14.FORCE MAJURE: Any delays in or any failure of performance by APS under this Agreement shall not constitute default or give rise to any claims for damages by PowerLink Digital Partners 1, Inc. if and to the extent caused by acts of God (such as hurricanes, storms, tornadoes, blizzards, earthquakes, flood, etc.); acts, rules, or regulations of governmental authority; sabotage; insurrection; terrorism; difficulties or delay in public transportation or in public or postal delivery services; inability to obtain suitable supply of information or materials, as and when required; or by any other circumstances beyond the reasonable control APS whether of a similar or dissimilar nature.
   
15.GENERAL: The terms and conditions herein set forth contain the sole and entire agreement between APS and PowerLink Digital Partners 1, Inc. and supersede all prior discussions, and shall not be modified or amended except by an instrument in writing signed by or on behalf of both APS and PowerLink Digital Partners 1, Inc. and delivered according to section “MODIFICATIONS” section described below.
   
16.MODIFICATIONS: APS and PowerLink Digital Partners 1, Inc. shall mutually agree to any and all modifications and/or changes pertaining to the Terms & Conditions in writing prior to the implementation of such modifications and/or changes. Any written documents shall be added to the Terms and Conditions as an Addendum attachment.
   
17.TERMINATION: Either party may terminate this agreement upon written notification by overnight courier, registered mail or certified mail, return receipt requested addressed to either party or email or facsimile. If this agreement is terminated by either party, PowerLink Digital Partners 1, Inc. shall only be liable for payment of those fees earned as a result of services performed or finished product made for PowerLink Digital Partners 1, Inc. by APS prior to the effective date of termination.
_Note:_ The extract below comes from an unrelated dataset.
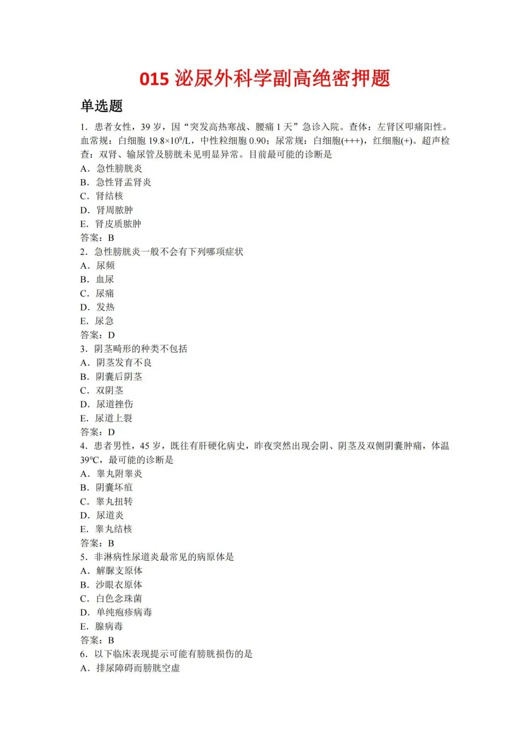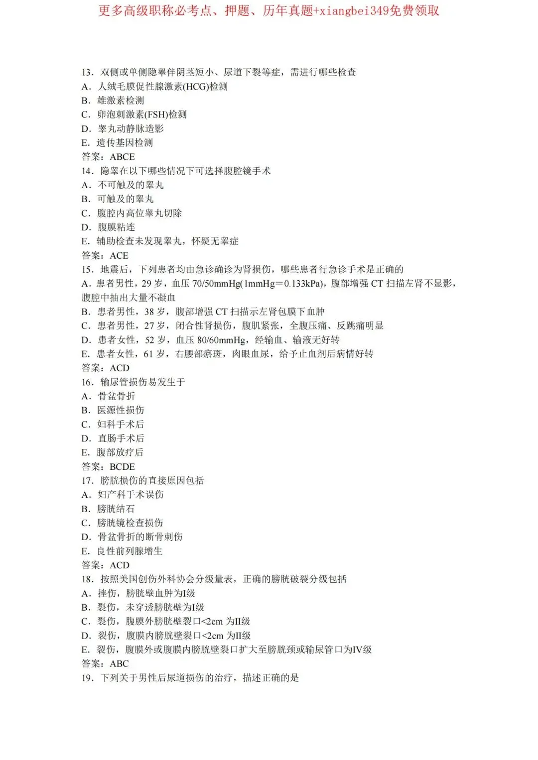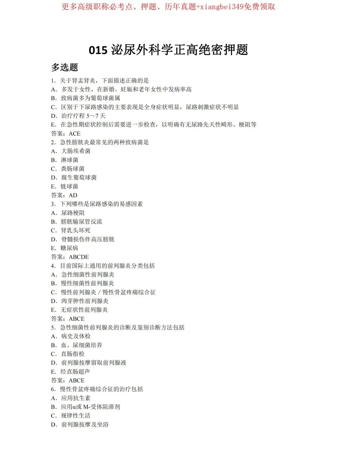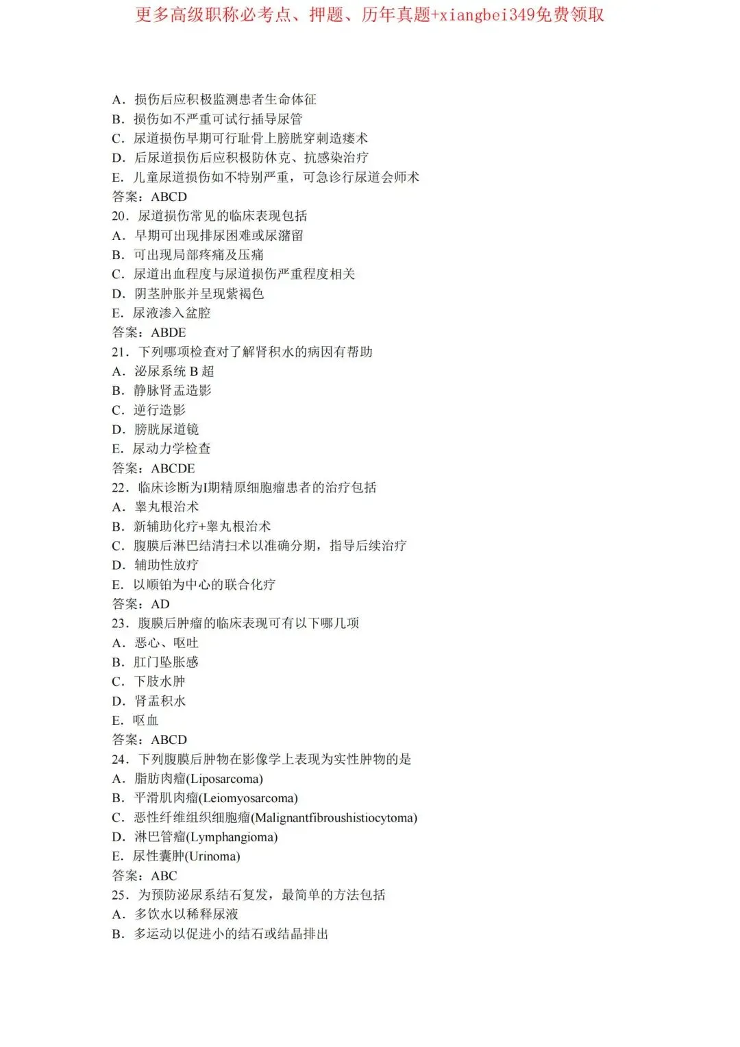 以上是泌尿外科学高级职称015备考资料包部分精华内容节选完整版领取如下: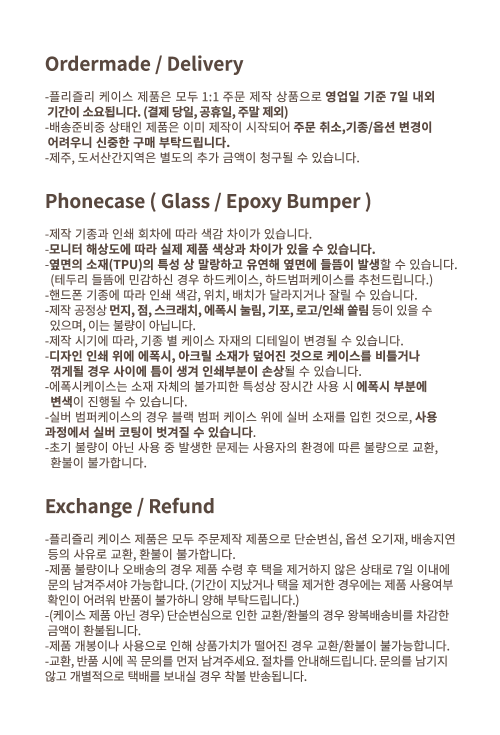 📦 에폭시/글래스 범퍼케이스 배송 안내

The date of termination shall be the date set forth in such written notice. Any inventory remaining in APS’s facility upon termination shall be returned to PowerLink Digital Partners 1, Inc. at PowerLink Digital Partners 1, Inc. cost and the risk of loss shall be on PowerLink Digital Partners 1, Inc.
   
18.GOVERNING LAW: This agreement is subject to and shall be interpreted in accordance with the laws of the State of New Jersey.